BB#0: derived from LLVM BB %entry
    Live Ins: %R3
	%R0<def> = MFLR %LR<imp-use>
	STW %R31, -4, %R1
	STW %R0<kill>, 8, %R1
	%R1<def,tied3> = STWU %R1, -64, %R1<tied0>
	%R31<def> = OR %R1, %R1
	STH %R3<kill>, 90, %R31; mem:ST2[%s]
	%R3<def> = LHZ 90, %R31; mem:LD2[FixedStack-1](align=4)
	%R2<def> = LBZ 90, %R31; mem:LD1[%a3](align=2)(tbaa=<badref>)
	%R2<def> = ADDI %R2<kill>, 3
	%R4<def> = OR %R3, %R3
	STB %R2<kill>, 90, %R31; mem:ST1[%a3](align=2)(tbaa=<badref>)
^^^^ note that the store is now ordered after the registers are setup for the call to bar - so the input to bar appears incorrect.
	BL <ga:@bar>, <regmask>, %LR<imp-def>, %RM<imp-use>, %R3<imp-use,kill>, %R4<imp-use,kill>, %R1<imp-def>
	%R1<def> = ADDI %R1, 64
	%R0<def> = LWZ 8, %R1
	%R31<def> = LWZ -4, %R1
	MTLR %R0<kill>, %LR<imp-def>
	BLR %LR<imp-use>, %RM<imp-use>
 
# End machine code for function foo.
Comment 1 Hal Finkel 2014-07-30 07:19:06 PDT
Adding Bill and Uli, because they've touched similar ABI code for PPC64 recently, and might have some insight on what's supposed to happen.

The problem here is that the parameter, %struct.sm* byval %s, is marked as byval, and in the Darwin ABI code, the stack object for this parameter is created like this:

3057	      int FI = MFI->CreateFixedObject(ObjSize, CurArgOffset, true);

Note that last parameter, which is true, is the parameter isImmutable. By setting it to true, you're promising that nothing will modify it, and so the scheduler is free not to add dependency chains from any loads of that parameter to anything else (which is what happens here, resulting in your miscompile).

I'll note that in the PPC64 ABI code, we also tag some of our byval parameters as immutable (such as those coming from the caller's stack frame), and someone should audit/confirm that's really appropriate.
Comment 2 Ulrich Weigand 2014-08-01 08:26:40 PDT
Reviewing LowerFormalArguments_64SVR4, I see four places where CreateFixedObject is currently being called with immutable = true:

- For the dummy object representing a zero-sized byval parameter
  This looks OK, since the object must not be accessed anyway.

- For all other byval parameters
  This is wrong, since byval parameters may be written to

- For non-byval parameters that don't fit in registers (and we don't have tail call)
  This looks OK; those parameters will only be read out of their stack slots once

- For unnamed vararg parameters
  This looks OK; va_arg will only copy a parameter out, and not write to it

I'll check in a fix for the one incorrect case shortly.
Comment 3 Ulrich Weigand 2014-08-01 09:36:31 PDT
Fix for the case found in the previous comment is now checked in as revision 214517.
Comment 4 Hal Finkel 2014-08-15 19:20:22 PDT
As it turns out, there were two things wrong here. First was the immutable property. Second, there was an assumption that all fixed-offset stack objects were not pointed-to by IR values (which is false for byvals).

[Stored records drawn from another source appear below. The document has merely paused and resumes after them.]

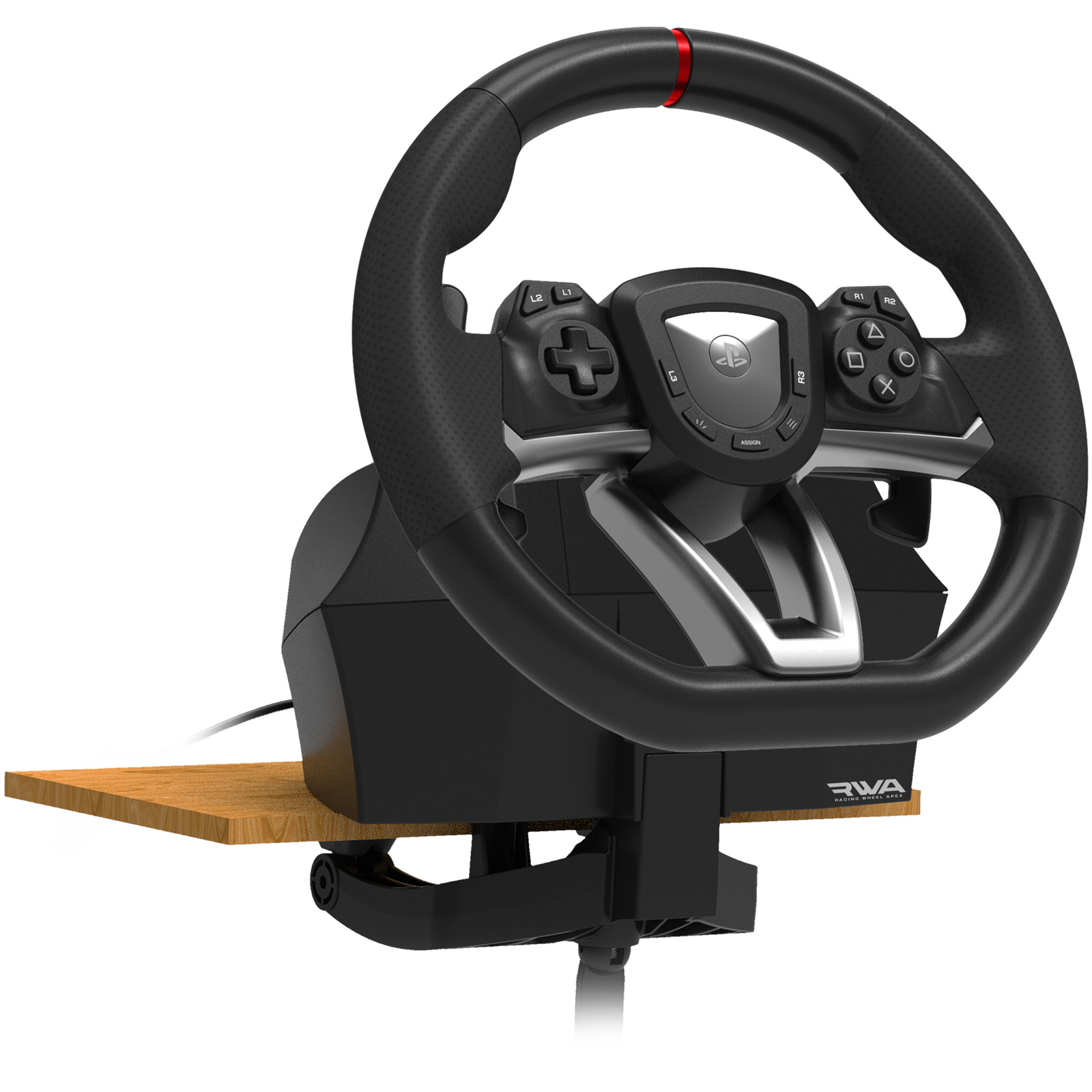 HORI brings the best in build-quality, customization options, and authentic racing simulation with the Racing Wheel APEX for the PlayStation 5 and PlayStation 4. HORI's design team has brought all the features and quality of a full-size racing wheel at an affordable price. Massive 270 degree turn-ratio - Completely programmable & adjustable, and PS5, PS4 & PC compatible. The Racing Wheel APEX clamps securely to your table or racing wheel stand with sturdy clamps and steel parts. The full-size pedals are built to last. Change from 270 degree to 180 degree turn ratio on the fly and fine tune other settings such as dead zone, pedal sensitivity and more. Cross the finish line with the all new RWA: Racing Wheel APEX for PlayStation 5, PlayStation 4 and PC. Officially licensed by Sony.
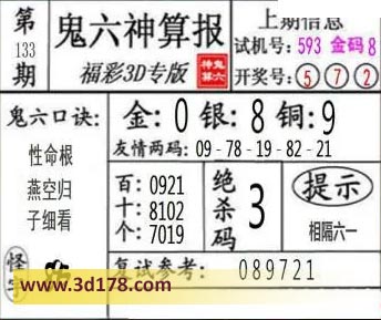 3d第22133期鬼六神算报为您推荐鬼六口诀:
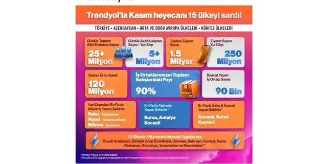 Trendyol kasım kampanyalarını bu yıl ilk kez eş zamanlı olarak 15 ülkede yaptı. Şirketten yapılan açıklamaya göre,kasım kampanyası sırasında 25 milyon günlük aktif kullanıcı sayısına ulaşan Trendyol'un, kampanya süresince e-ihracat yapan satıcı sayısı 90 bine ulaştı. Trendyol Kasım ayı boyunca 250 milyon kez yurt dışı müşterilerden ziyaret aldı. Trendyol bu dönemde 10 ülkede de en çok indirilen uygulama olduğu açıklandı. Türkiye'de en çok alışveriş yapılan iller Bursa, Antalya ve Kocaeli olurken yurtdışı pazarlarla ise en yüksek talep Bakü, Riyad ve Bükreş'ten geldi.
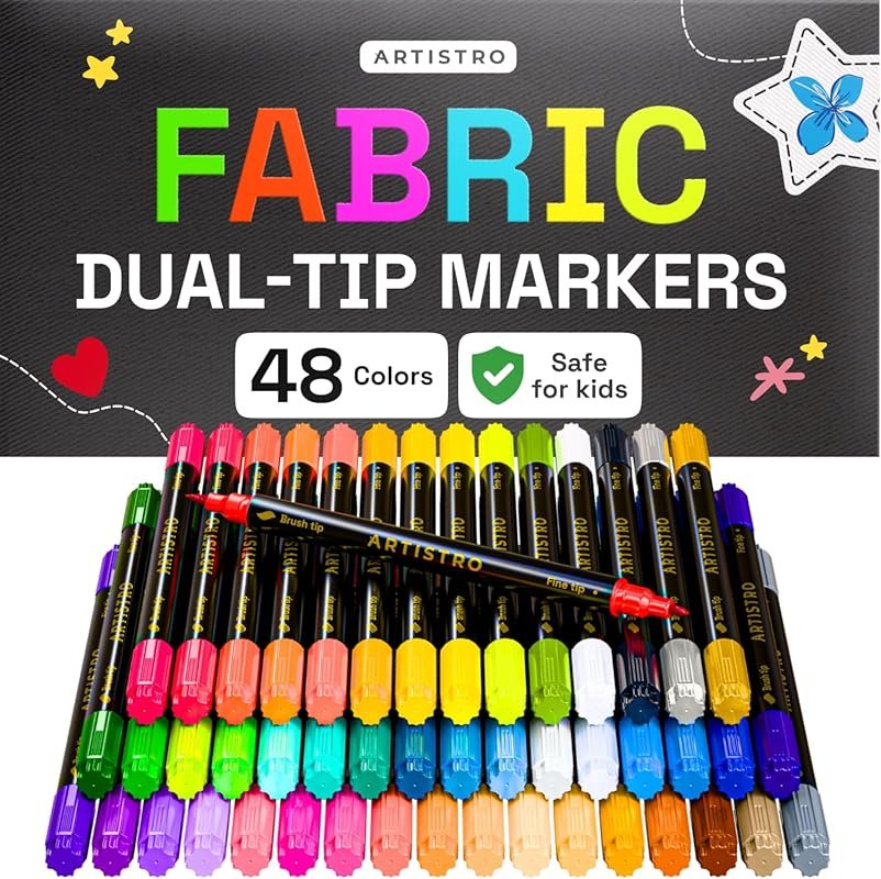 1. ARTISTRO 48 Dual-Tip Fabric Markers: Permanent Acrylic Paint Pens for Clothes, Canvas & Textiles
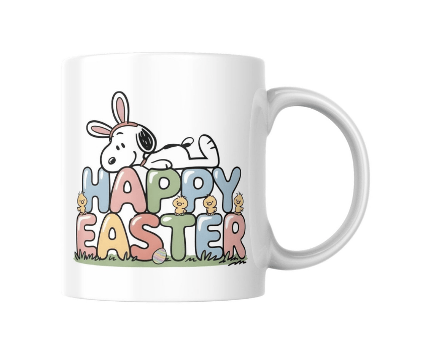 Celebrate Easter with a smile using this Happy Easter Dog Bunny Ears Mug. This premium white ceramic mug features a lovable cartoon dog relaxing on colorful “HAPPY EASTER” letters, adorned with cute baby chicks and spring grass. With a high-quality, fade-resistant print in bright pastels, it brings cheerful vibes to any morning coffee or tea. Microwave and dishwasher safe with a comfortable C-handle, it’s a perfect gift for dog lovers and children alike. Please check specs before ordering as this includes the single mug only.
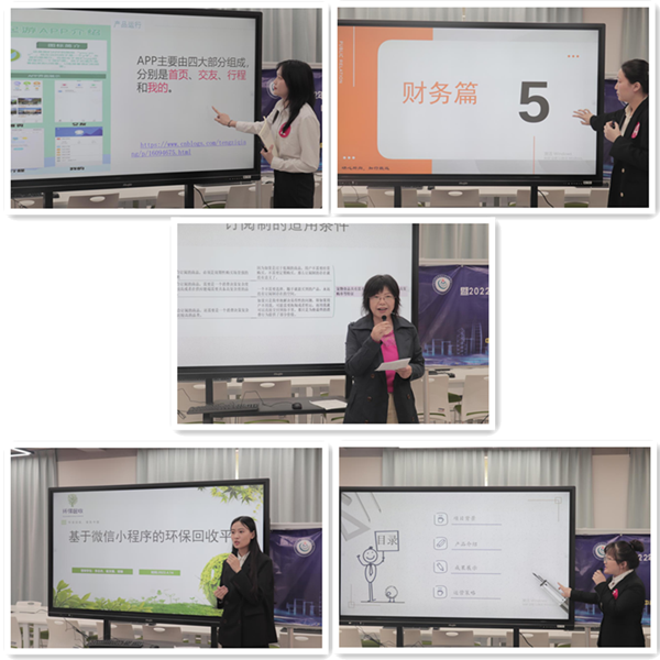 项目范围涉及社交、餐饮、研学、康养、环保、虚拟货币等多个领域。每支队伍的选手们都激情洋溢地阐述了自己团队的创新思维与创业理念,同时也自信、流利地向评委们讲解自己团队的创意项目,充分展示个人风采与团队水平。
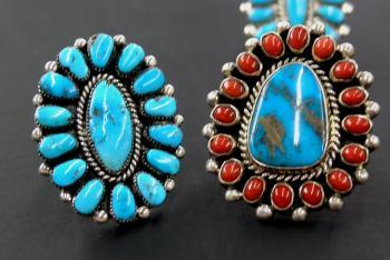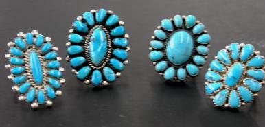 Cluster rings can be very difficult, because you just can’t get a bunch of stones or silver into the piece. The two on the left are Zuni, the stones show a little less matrix. The middle right ring is the easiest to identify because the stones are just a style you find in Navajo, usually purchased already cabbed where the other pieces have been shaped by the artist.
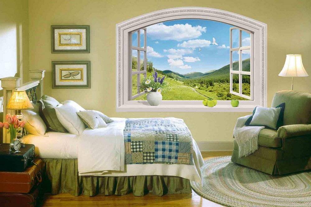 Как вариант — уже готовый рисунок наклеивается поверх стекла, а затем крепится рама. Особенно выигрышно в таком оформлении выглядят пейзажи и цветы — создаётся целостное ощущение наличия окна прямо в стене помещения.
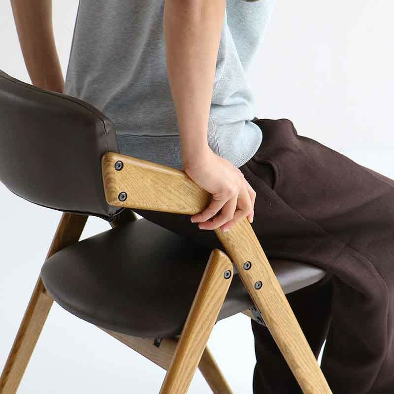 着席時にはちょっとした肘掛けに、立ち上がる時も体重を支えてくれます。
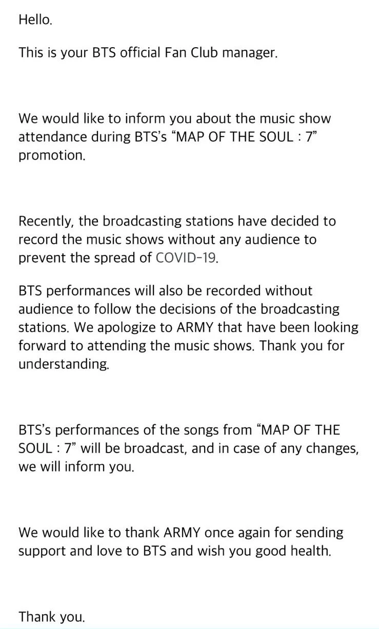 As performances do BTS também serão gravadas sem audiência para seguir a decisão das emissoras. Pedimos desculpas ao ARMY que estava ansioso para assistir aos shows de música. Obrigado pela compreensão.

This should be fixed by r215793/r215794/r215795.
Comment 5 Reid Kleckner 2017-01-03 14:38:25 PST
(In reply to comment #4)
> As it turns out, there were two things wrong here. First was the immutable
> property. Second, there was an assumption that all fixed-offset stack
> objects were not pointed-to by IR values (which is false for byvals).
> 
> This should be fixed by r215793/r215794/r215795.

Hal, can you recall why the "isAliased" part of this fix was PPC only? On pretty much all targets, byval is used when the argument lives in some fixed stack object that is aliased by an LLVM value (the pointer argument).

Also, if I revert the change (r215795), the checked in test case still passes. I'd like to remove the isAliased boolean from StackObject if possible.